NASA, one of the few government agencies that spins off innovative ideas that create entire new industries, has a FY 2011 budget of $19 billion dollars. $63.5 billion could double NASA's budget by every year for the next three years.

The woefully under funded National Park Service provides a wonderful natural narrative for millions of Americans. Their current budget is $3.14 billion for FY 2011. Let's double that amount for the next 10 years. Can you image the transformative effect this would have on the NPS and the land under their care?

$63.5 billion dollars could easily built and staff 750 technical schools to reach out to all those teenagers who are left behind in our failed high schools. These tech schools would give them practical job skills such as airplane and engine repair, wood and metal fabrication, plumbing, electrical, concrete, HAVC, and carpentry. Tech schools could also develop basic retail skills, train para-medics and EMT's, and teach computer programming and networking without the need for a four-year college degree.
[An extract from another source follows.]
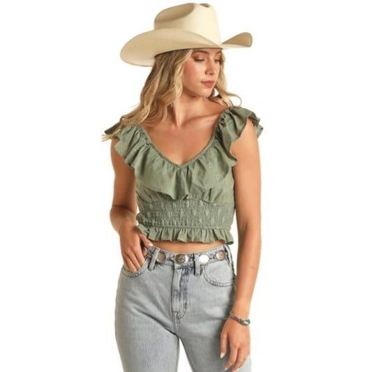 Rock & Roll Women’s Top Ruffle V-Neck Smocked Waist

Obama's request for billions of dollars for high-speed rail should provoke an unequivocal "hell no" from the GOP. But I'm wary that some new Congressmen might visualize themselves at the controls of a shiny new train, rather then seeing the big picture. What is that big picture?  Congress must start slashing the federal budget with a chain saw rather then a scalpel. Their failure to do so invites even more monstrous deficits, hyper- inflation, double-digit unemployment that lingers into well into the next decade, and the further erosion of our national security infrastructure.